Consequência: azedou as relações com o funcionalismo, em especial, a ponto de até um partido aliado, o PDT, estar usando seu horário gratuito para insinuar, veladamente, que o governo do PT causa tanto medo ao funcionalismo como o de FHC.

Lentidão da máquina
Tudo somado, o Palácio do Planalto vive uma fase de "reflexão permanente para criar condições para a redução dos juros e a retomada do crescimento", como declara Tarso Genro, outro habitante da sede do governo, como secretário-executivo do Conselho de Desenvolvimento Econômico e Social.
As condições que a cúpula do PT/governo examina não são triviais. Incluem a criação de uma base social estável, um "enlace forte" entre os setores formal e informal da economia, a sinalização, inclusive externa, de que há uma nova política internacional e fazer as reformas, "que são as que FHC não fez, mas de outra forma", sempre de acordo com as avaliações ouvidas no Palácio.
Tudo somado, a avaliação no núcleo central do governo Lula é a de que a "costura política está muito bem" (ou seja, a formação de um suporte parlamentar suficiente para aprovar até emendas constitucionais).
Mas, na área gerencial-administrativa, "há problemas", que, no entanto, os interlocutores preferem não especificar, por lealdade aos companheiros de governo, sejam ou não do próprio PT.
O que realmente inquieta Lula, além dos juros, é a dificuldade em fazer a máquina do governo reagir na velocidade desejada (queixa, aliás, que se ouve desde que Sarney era presidente).

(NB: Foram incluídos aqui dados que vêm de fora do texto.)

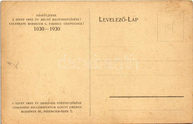 Dr. Serédi Jusztinián bíboros, hercegprímás, esztergomi érsek. Készüljetek a Szent Imre Év méltó megünneplésére! 1030-1930 s: Héya Zoltán (EB)

Exemplo: logo após a posse, o presidente visitou Brasília Teimosa, uma área de palafitas em Pernambuco. "Queria soluções rápidas ou, pelo menos, que fossem apontados os caminhos", conta um assessor. Descobriu, no entanto, que todo o processo, inclusive o de mapeamento da área, é muito mais lento.
Outro exemplo: Lula viu na televisão programa sobre o "lixão" de Belém do Pará. Reagiu de imediato para os circunstantes: "Não podemos permitir que continue havendo gente se alimentando de lixões", afirmou.
Pelo menos nesse caso, houve uma reação imediata: o ministro da Segurança Alimentar, José Graziano da Silva, ficou até 22h da quinta-feira discutindo com Carlos Lessa, presidente do BNDES, como arrumar dinheiro para resolver o problema.
É um problema, mas bem mais simples do que baixar os juros e fazer a política macroeconômica guinar para o rumo do crescimento, o verdadeiro desafio de Lula e do PT.